Thaksin will not yet be indicted because he had filed a request to postpone his original appointment on Wednesday with proof that he has COVID-19, Prayuth Bejraguna, a spokesperson for the Office of the Attorney General, said at a news conference.
The attorney general’s office scheduled a new appointment for Thaksin’s indictment on June 18, Prayuth said, adding that Thaksin will also be indicted for violating the Computer Crime Act.
Thaksin had been in self-imposed exile since 2008, but returned to Thailand in August last year to begin serving an eight-year sentence. He was released on parole in February from the hospital in Bangkok where he spent six months serving time for corruption-related offenses.
On his return, he was moved almost immediately from prison to the hospital on grounds of ill health, and about a week after that King Maha Vajiralongkorn reduced his sentence to a single year. Thaksin was granted parole because of his age — he is 74 — and ill health, leaving him free for the remainder of his one-year sentence.
His return was interpreted as part of a political bargain between his Pheu Thai Party and the conservative establishment — longstanding rivals — to stop the progressive Move Forward Party from forming a government following its victory in last year’s general election.
After his return, the attorney general’s office said it had revived an investigation into whether Thaksin almost nine years ago violated the law against defaming the monarch, a crime punishable by up to 15 years in prison.
Thaksin was originally charged in 2016 with violating the law for remarks he made to journalists when he was in Seoul, South Korea, a year before that, but the investigation could proceed only after he was presented with the charge in person in the hospital in January, officials said. Thaksin had denied the charges and submitted a statement defending himself.

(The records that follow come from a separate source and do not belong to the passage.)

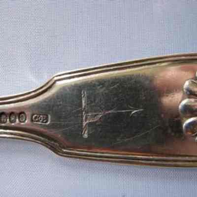Seven dinner forks, Fiddle Shell Design, engraved with arrow crest on back side of handle. Stamped with hallmarks of Dublin, C. 1823, Makers mark CE in rectangular cartouche, not found. Also stamped M.West and mark WH above tines on backside of fork.
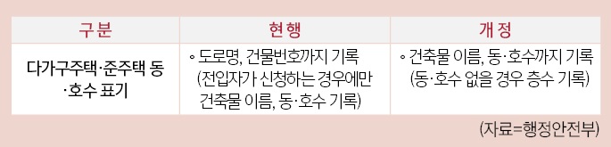 이번 개정령안에 따르면, 3층 이하, 바닥면적 합계 660㎡ 이하, 19세대 이하의 다가구주택과 기숙사, 다중생활시설, 노인복지주택, 오피스텔 등 준주택을 포함해 전입신고 시 건축물의 이름, 동 번호, 호수 또는 층수를 기록해야 한다. 이러한 정보는 주민등록표 등·초본에는 표기되지 않지만, 전산자료 형태로 관리돼 복지위기가구 발굴, 우편물 발송, 건강보험 관리 등의 목적으로 활용될 예정이다.
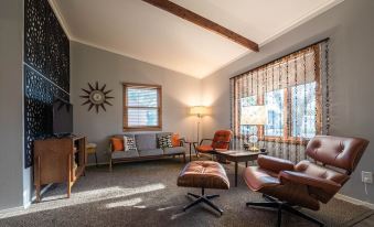 Our guests tell us that the vaulted post and beam ceilings and retro touches make the house both spacious and cozy at the same time. It's the perfect place to slip off your shoes and relax after a long day, 1950s style. If you want to kick back like Don Draper, we even have a cocktail shaker set ready for your "Mad Men" happy hour.

Prosecutor’s spokesperson Prayuth said there is enough evidence for the attorney general to indict Thaksin. He said the prosecutors have already prepared their statement and documents to present to the court next month.
Since his release, Thaksin has maintained a high profile and is believed to be wielding influence in the government led by Prime Minister Srettha Thavisin. One analyst believes Thaksin’s growing influence has angered the ultra-conservatives and that the indictment is their response.
“It is designed to keep Thaksin under control. This is keeping him on a leash. If he doesn’t behave then this charge can be activated and could land him in jail. This is to curtail his movement and his maneuvers and to remind him, sending him a signal in a way, to know who’s in charge and to know he should not overstep the boundary,” said Thitinan Pongsudhirak, at professor at Bangkok’s Chulalongkorn University.